> [What is being asked]:
Output the full listing below exactly; the images stay out.

> [Data shown]:
= Beginning of Section =
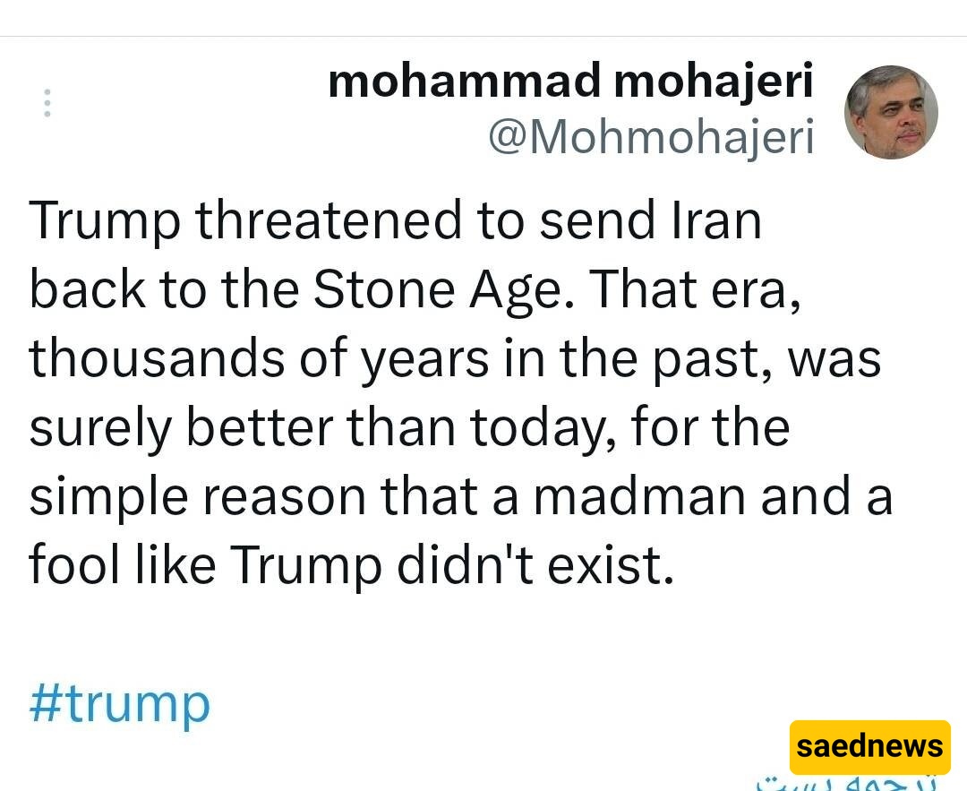 SAEDNEWS: Mohammad Mohajeri Reacts on Twitter to Trump’s Comments About Returning Iran to the Stone Age
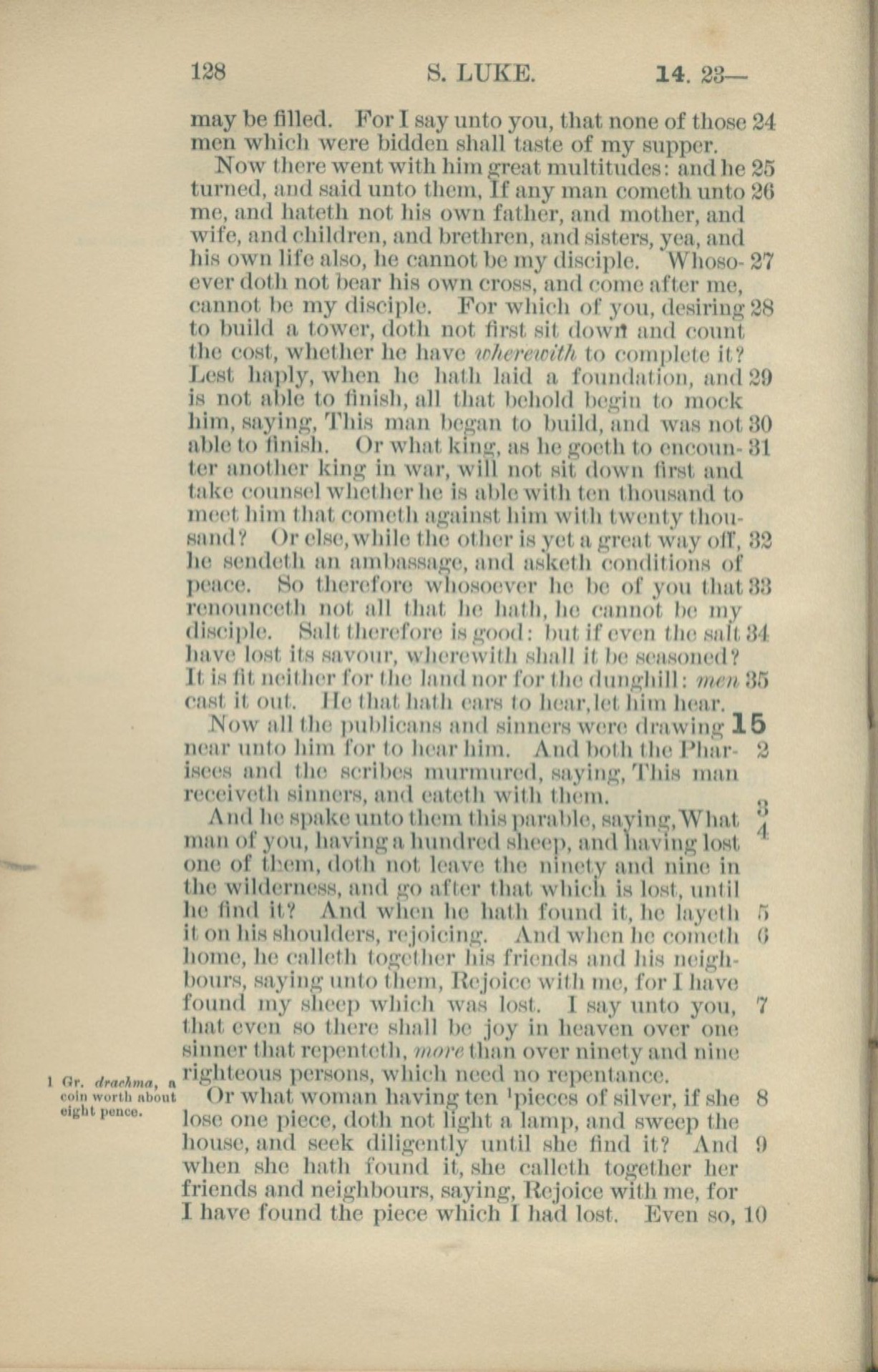 1881年New Testament 路加福音 14 章 24 節到 15 章 10 節
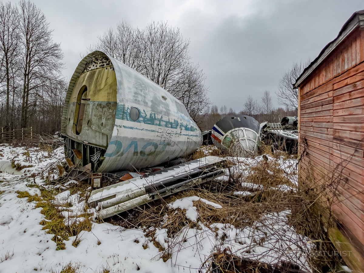 Однажды, путешествуя по безграничным просторам Подмосковья на моём автомобиле, я увидел нечто большое, напоминающее деталь настоящего самолёта. Думал, что мне показалось, но нет. Я пригляделся и понял, это был не муляж и не декорация, это была передняя часть фюзеляжа самого настоящего самолета Ан-12 с выцветшей надписью «Аэрофлот». Я был, откровенно говоря, шокирован, потому что это самый странный огород за баней, который я видел, а видел я огородов за банями очень много. Я подъехал ближе и понял, что передо мной Ан-12. Тот самый тяжелый транспортный самолет, четырехмоторный винтовой работяга, который когда-то поднимался в небо с таким видом, будто ему все равно, сколько тонн внутри. А теперь он лежит здесь, среди берез и заборов, распиленный и раздербаненный на секции, как будто его собирались сложить обратно, но отвлеклись на чай. Носовая часть с огромным остеклением смотрит прямо в деревенскую реальность, где максимум летающего — это пакет с мусором в ветреный день. Возле дома с
= End of Section =
> [Answer below]:
 SAEDNEWS: Mohammad Mohajeri Reacts on Twitter to Trump’s Comments About Returning Iran to the Stone Age
 1881年New Testament 路加福音 14 章 24 節到 15 章 10 節
 Однажды, путешествуя по безграничным просторам Подмосковья на моём автомобиле, я увидел нечто большое, напоминающее деталь настоящего самолёта. Думал, что мне показалось, но нет. Я пригляделся и понял, это был не муляж и не декорация, это была передняя часть фюзеляжа самого настоящего самолета Ан-12 с выцветшей надписью «Аэрофлот». Я был, откровенно говоря, шокирован, потому что это самый странный огород за баней, который я видел, а видел я огородов за банями очень много. Я подъехал ближе и понял, что передо мной Ан-12. Тот самый тяжелый транспортный самолет, четырехмоторный винтовой работяга, который когда-то поднимался в небо с таким видом, будто ему все равно, сколько тонн внутри. А теперь он лежит здесь, среди берез и заборов, распиленный и раздербаненный на секции, как будто его собирались сложить обратно, но отвлеклись на чай. Носовая часть с огромным остеклением смотрит прямо в деревенскую реальность, где максимум летающего — это пакет с мусором в ветреный день. Возле дома с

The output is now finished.